A comment in Yates' book on Bruno is about anticipating advanced communication technology by renaissance hermetics. Interestingly they themself had no idea about what they were dreaming about, they thought it was cryptology or higher magics. E.g. Trithemius' Steganographia, which was only recently decrypted, expresses an idea of ubiquituous, alphabetfree and private communication and suitably coding algorithms as if it's 16th century author would have somehow listened a lecture on computer science and try to get an idea of it by his renaissance concepts. Later anticipations are about online gaming and laptops, reconstructed in this facinating museum.
I find the way of the early anticipations very strange. They are much more detailed than I would expect, much more detailed than the general nature of the anticipated idea. About the later, the anticipators obviously could only speculate wildly. I would expect the opposite relation, e.g. like in the invention of human flight: First, the general idea was clearly perceived and then, over centuries, decreasingly absurd and increasingly working technologies build, from Icarus over Leonardo to Lilienthal. But early technology anticipations like Trithemius' look somewhat more like someone in the middle ages constructing grotesque structures of metal wheels, pipes, blades and grids, telling something about clocks or art, and centuries later one would identify that with some crude imitation of a part of an aircraft turbine. And perhaps this analogy is the core for understanding renaissance hermetism in general? They anticipated in a crude way science without knowing it. Imagine you would tell a bright, but uneducated kid about your work - searching the meaning of difficult texts, looking for terminologies and definitions, catching ideas and insights which suddenly enable one to perform real world tasks like looking under some planet's surface - the kid's playfull imitation would look very similar to renaissance scholars.

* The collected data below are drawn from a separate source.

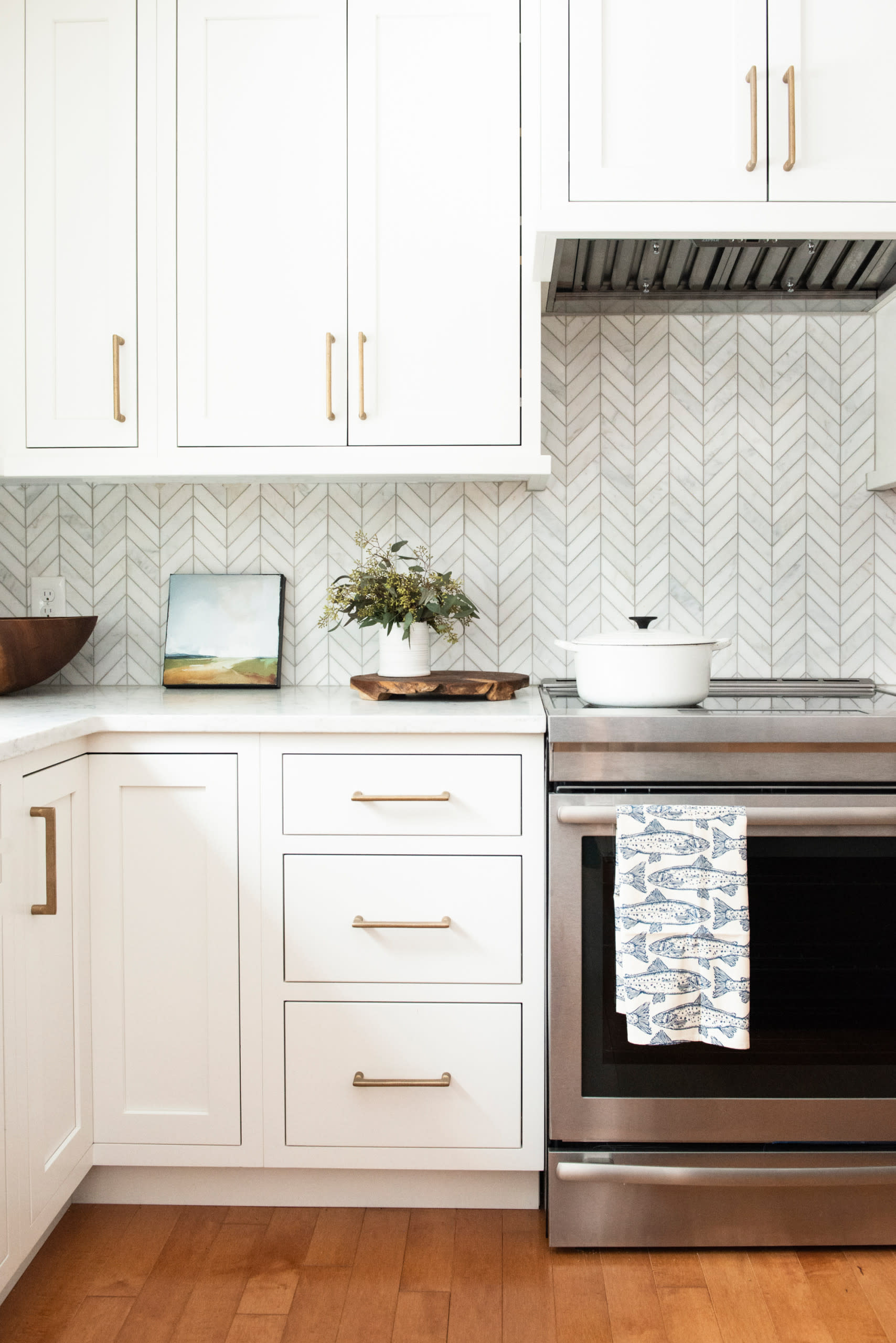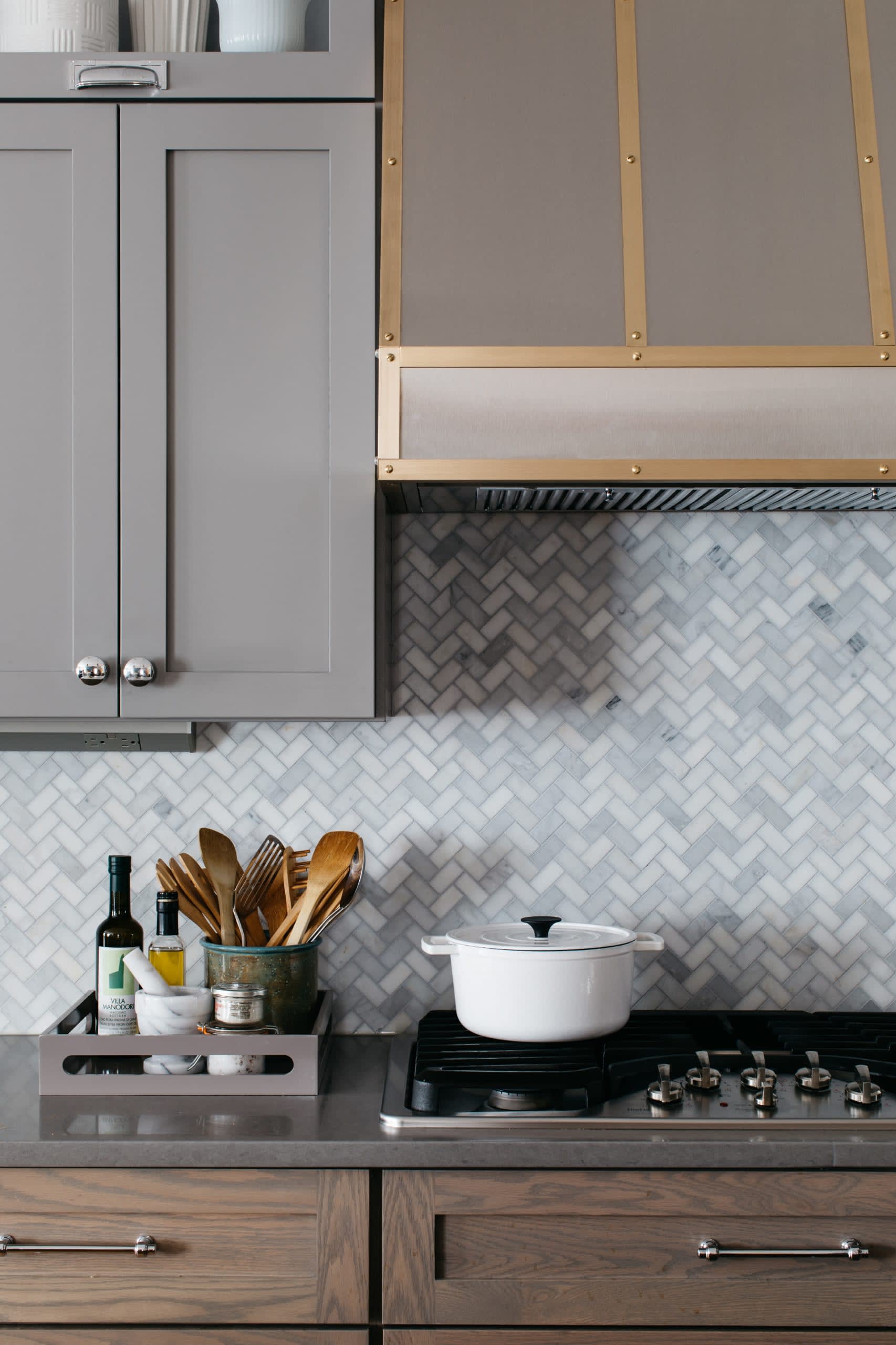If you’re looking for something with more movement in a backsplash, consider small tiles set in a herringbone or chevron pattern. Carrara marble tile in a herringbone pattern makes for an elegant backsplash in this Chicago kitchen by Honsen + Flemming Interiors.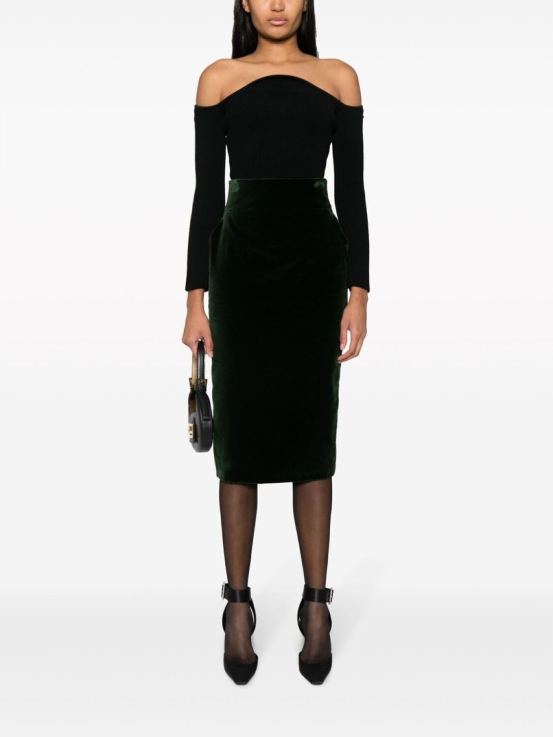 Alexandre Vauthier бархатная юбка миди, зеленый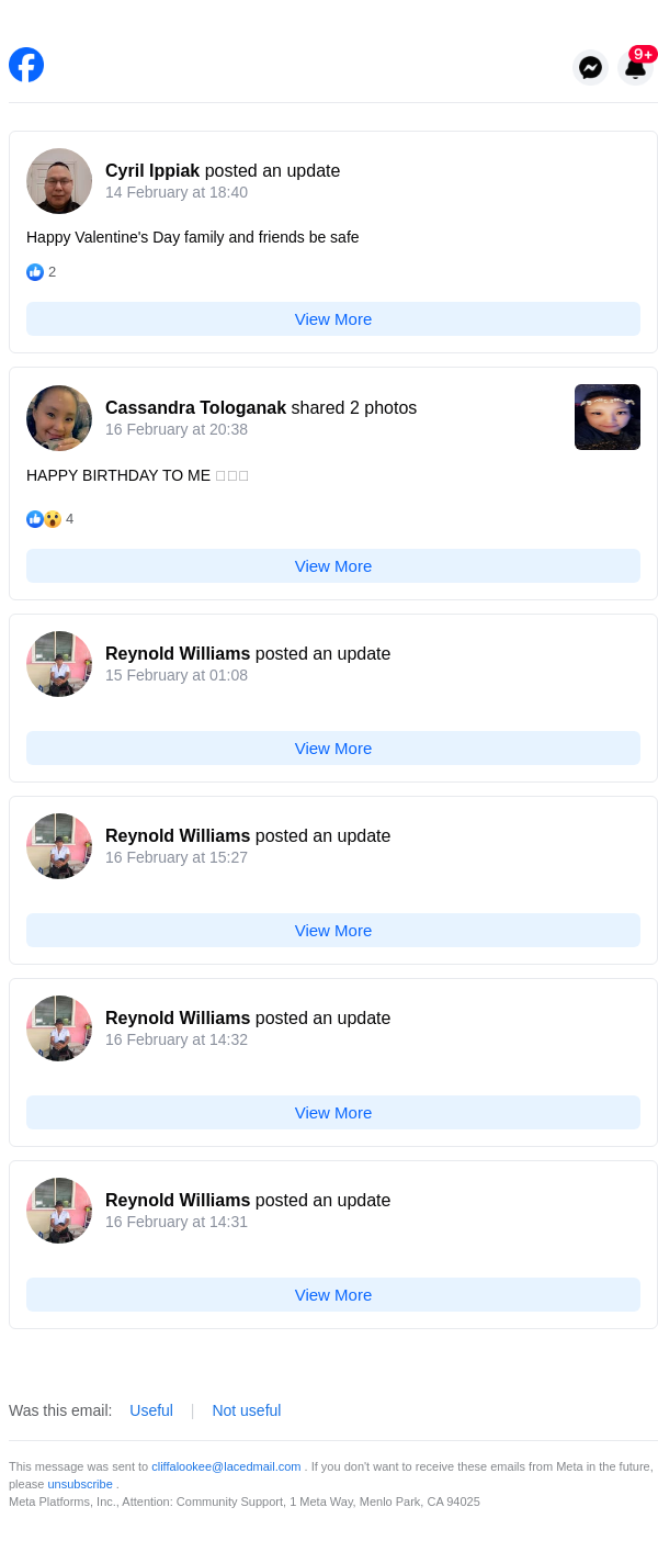 To: cliffalookee@lacedmail.com From: notification@facebookmail.com Received: 2026-02-17 21:21:11.369589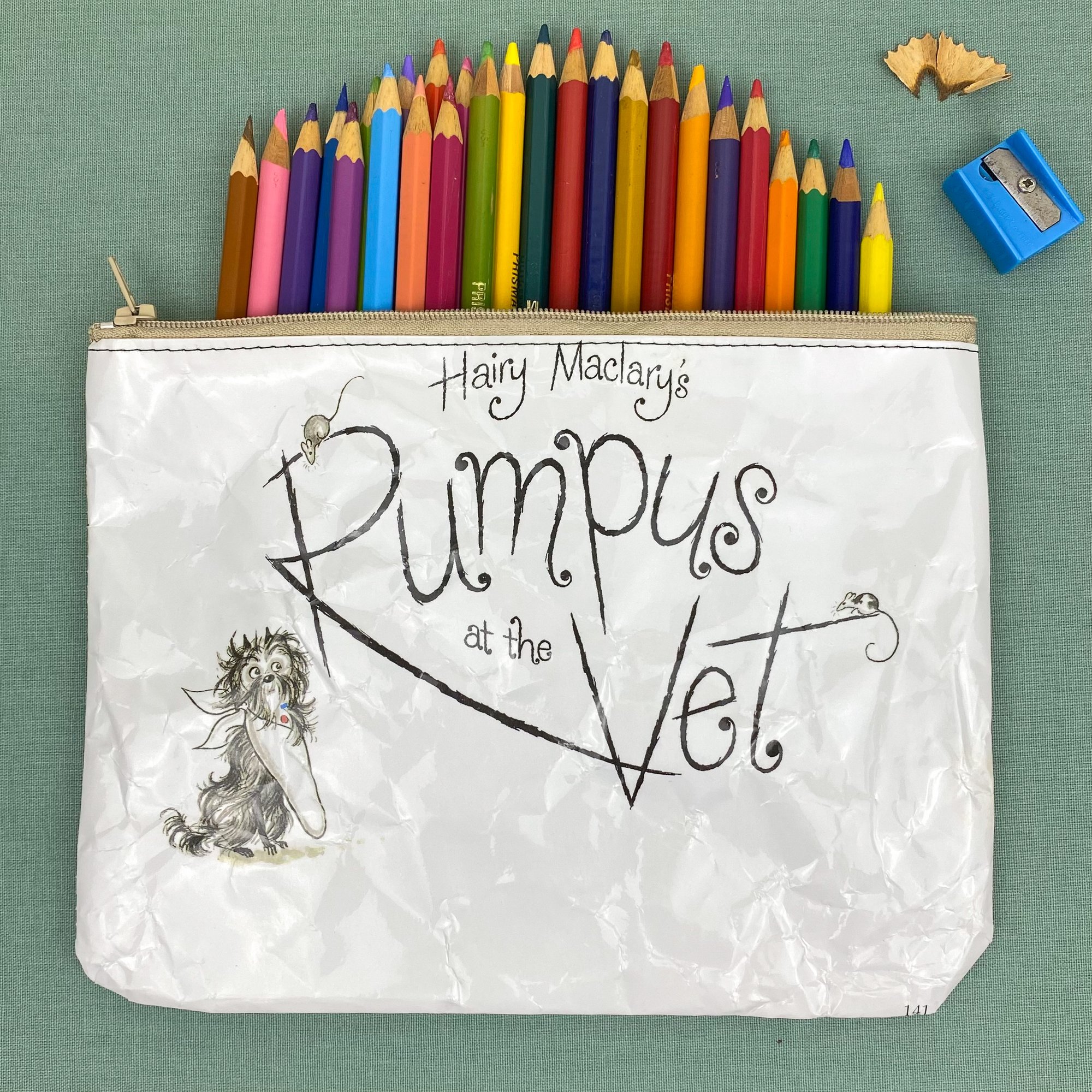 Both sides of the pages are covered in clear plastic for protection and durability. They can withstand the odd splash of water and can be wiped clean with a damp cloth, but they are not fully waterproof (where there’s stitching). You may notice the pages have a few crinkles, these occur during the making process when the finished pencil case is turned right side out, but I feel the crinkles add character! The pencil case is unlined so you can read the pages on the inside as well!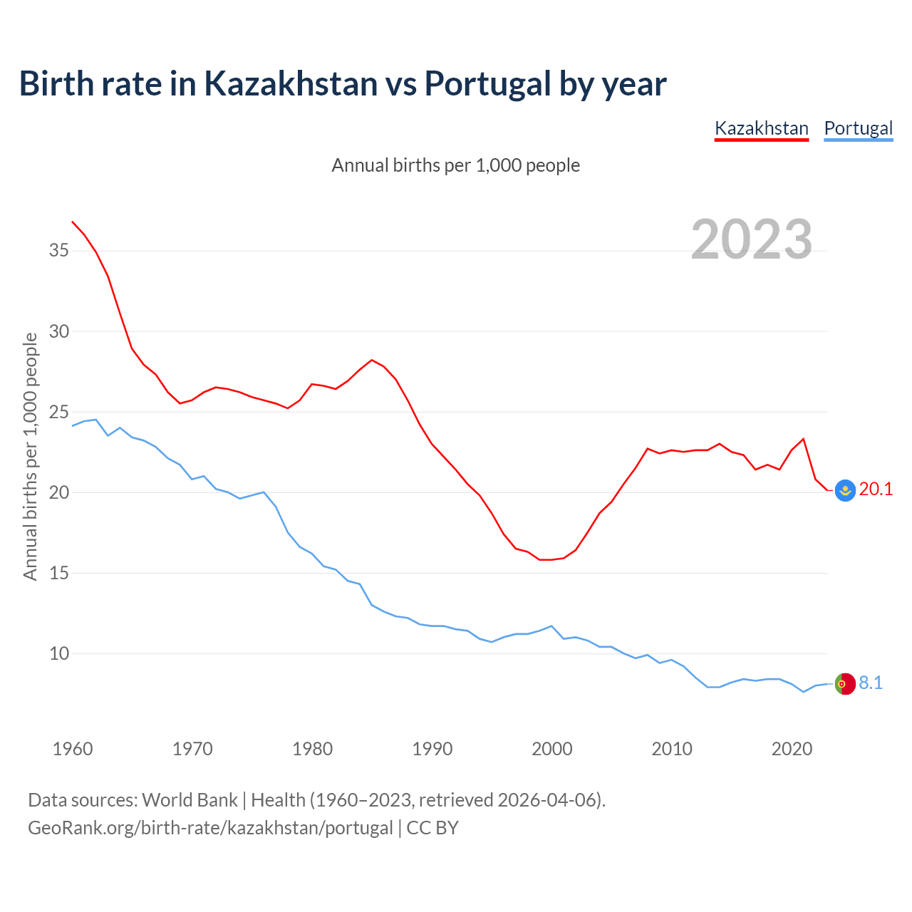 GeoRank.org/birth-rate/kazakhstan/portugal | CC BY
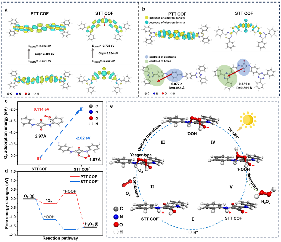 图5.图5. (a) PTT COF和STT COF的HOMO-LUMO分布计算结果。(b)上方:PTT COF和STT COF基态与激发态电荷密度差计算,下方:紫色和绿色代表电子和空穴的质心。(c) STT COF及STT COF*最优位点的O2吸附能。(d) PTT COF和STT COF*光催化氧还原产H2O2的自由能台阶图。(e) STT COF光催化生成H2O2的机制示意图。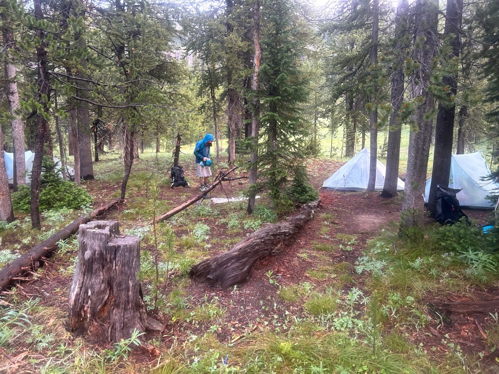 Vi stack iväg på morgonen i lätt regn. Vi hade beslutat os för att gå kort i dag fram till den branta stigningen upp till 10200 fot. Vi gör den imorgon eftersom prognosen ser bättre ut då. Skönt att komma in i tältet då jag är kall och blöt. Lagade lunch i tältet

If parts of renaissance hermetism can be viewed as anticipatoric imitation of science, future science could regress into similar ways, as Herbert W. Franke told in the sad story of "Einsteins Erben". He tells how living in an environment mixed with advanced pseudo-autonomous technology could led people back into Plato's cave of a mentality consisting of fairy tales, rituals and taboos - like modern information technology may start to do. Then, the spirit of science would vanish, imitated fragments of memory of science would only exist as empty cult.